Bifunctional pyrazolate–carboxylate ligands for isoreticular cobalt and zinc MOF-5 analogs with magnetic analysis of the Co4 (μ4-O) node

The ditopic ligands 3, 5-dimethyl-pyrazolate-4-carboxylate, –Me2pzCO2–, and 4- (3, 5-dimethyl-1H-pyrazol-4-yl) benzoate, –Me2pzC6H4CO2–, combine a pyrazolate and carboxylate functionality in axial orientation and lead to porous cobalt or zinc azolate–carboxylate frameworks that have the same cubic pcu-a topology and M4 (μ4-O) nodes (M = Co, Zn) as MOF-5 and other IRMOFs. The microporous networks M4 (μ4-O) (Me2pzCO2) 3 (M = Co, Zn) with the short linker exhibit a solvent-induced gate effect, evidenced by gas desorption hysteresis due to small pore apertures of 2. 8 Å diameter together with small amounts of high-boiling solvent remaining in the activated samples.

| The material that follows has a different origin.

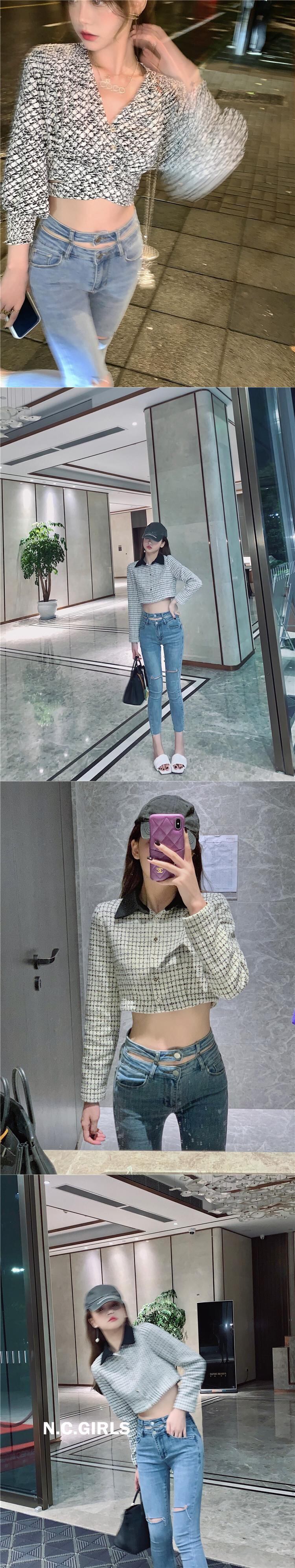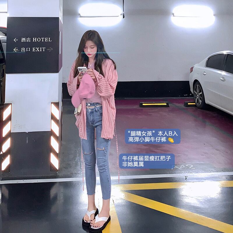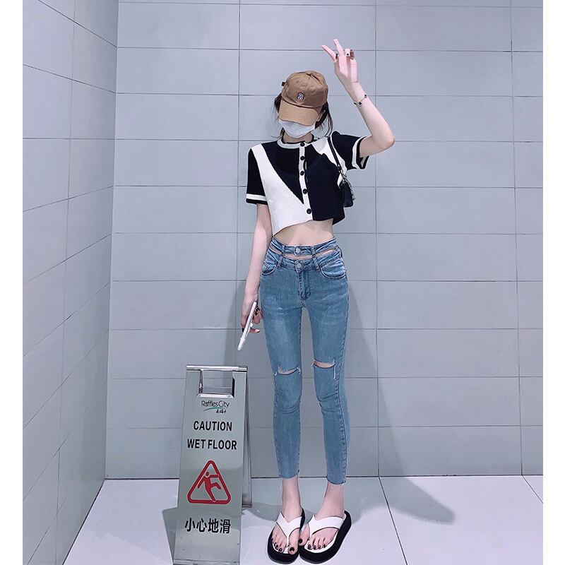 南西姉妹ハイウエスト破れたジーンズ女性夏薄セクション2021新しいスリムストレッチタイトクロップドパンツ s2812119043244408

For Co4 (μ4-O) (Me2pzCO2) 3, the low-pressure H2 storage capacity (1. 7 wt%, 1 bar, 77 K) is higher than for MOF-5, and the CO2 uptake of 20. 8 wt% puts it among the top MOFs for low-pressure CO2 sorption even though the BET surface is less than 1000 m2 g−1. The analysis of the magnetic properties of Co4 (μ4-O) (Me2pzCO2) 3 takes into account the distribution of tetrahedra resulting from the disorder of the pyrazolate–carboxylate linker. An antiferromagnetic coupling observed for Co4 (μ4-O) (Me2pzCO2) 3 arises from the interactions of the cobalt (II) ions through the combined μ4-O + syn–syn carboxylate and μ4-O + pyrazolate bridges.